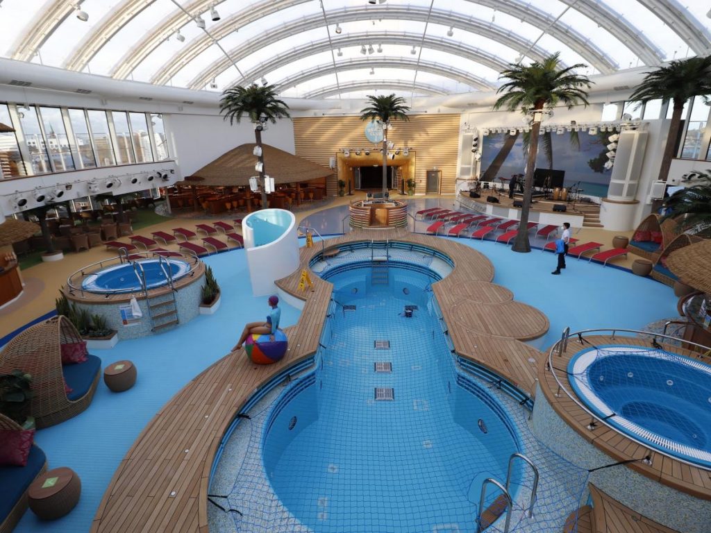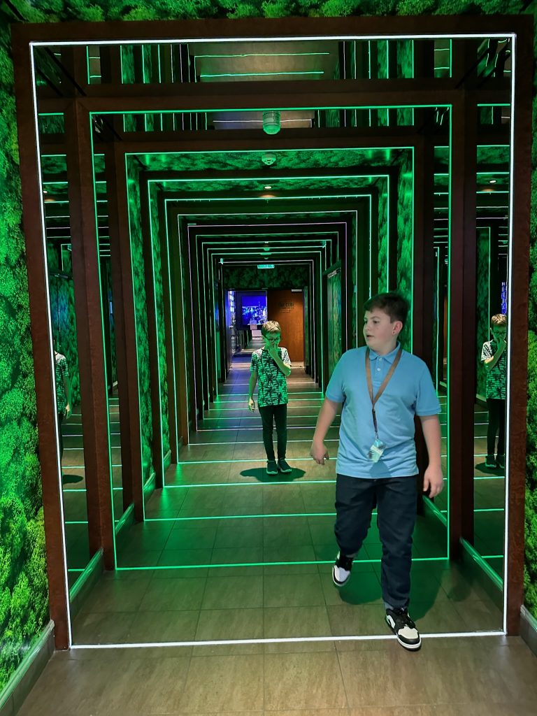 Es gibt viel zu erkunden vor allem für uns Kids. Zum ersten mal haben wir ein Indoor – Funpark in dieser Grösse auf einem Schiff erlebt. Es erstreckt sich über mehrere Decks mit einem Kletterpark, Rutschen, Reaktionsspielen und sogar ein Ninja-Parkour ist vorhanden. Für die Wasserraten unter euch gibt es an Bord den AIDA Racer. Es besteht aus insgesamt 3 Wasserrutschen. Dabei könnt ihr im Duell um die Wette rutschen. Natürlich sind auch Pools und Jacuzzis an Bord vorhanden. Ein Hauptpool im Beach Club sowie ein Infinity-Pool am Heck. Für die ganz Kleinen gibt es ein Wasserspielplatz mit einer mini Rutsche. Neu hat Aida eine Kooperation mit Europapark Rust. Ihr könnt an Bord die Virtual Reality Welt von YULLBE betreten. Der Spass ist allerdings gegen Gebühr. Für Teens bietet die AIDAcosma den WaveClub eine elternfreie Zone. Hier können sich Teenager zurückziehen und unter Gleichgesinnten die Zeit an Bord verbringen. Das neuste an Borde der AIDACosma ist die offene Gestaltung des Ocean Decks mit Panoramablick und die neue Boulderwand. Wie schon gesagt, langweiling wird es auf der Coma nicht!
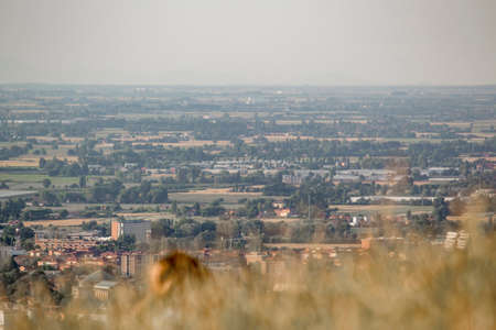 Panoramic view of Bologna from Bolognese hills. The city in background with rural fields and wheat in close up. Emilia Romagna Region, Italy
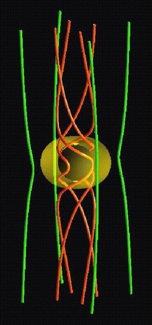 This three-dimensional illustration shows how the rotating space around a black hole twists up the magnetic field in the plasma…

══════

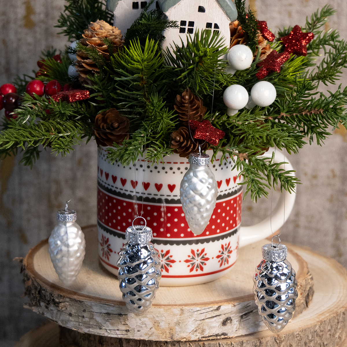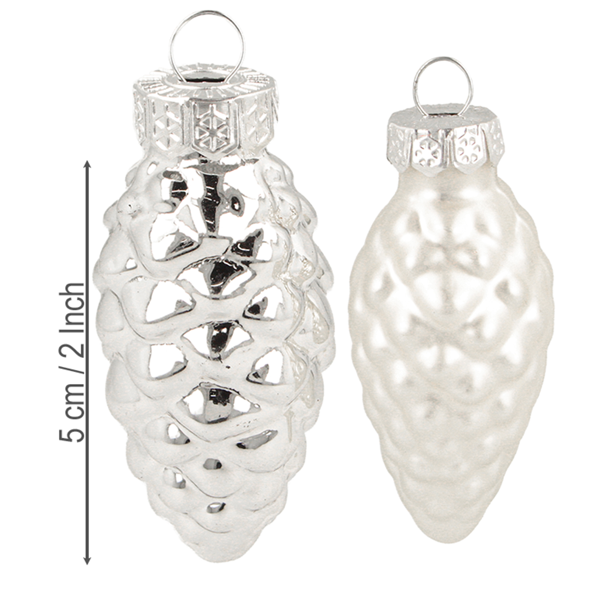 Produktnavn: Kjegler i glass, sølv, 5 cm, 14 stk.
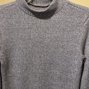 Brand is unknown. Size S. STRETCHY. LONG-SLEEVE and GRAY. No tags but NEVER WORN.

══════

▶ _Aim of the task_: Look above for the line with "Produktnavn: Kjegler i" and the line with "Brand is unknown.". Give again exactly those two lines and all lines between them, pictures excluded.

▶ _Reply_:
 Produktnavn: Kjegler i glass, sølv, 5 cm, 14 stk.
 Brand is unknown. Size S. STRETCHY. LONG-SLEEVE and GRAY. No tags but NEVER WORN.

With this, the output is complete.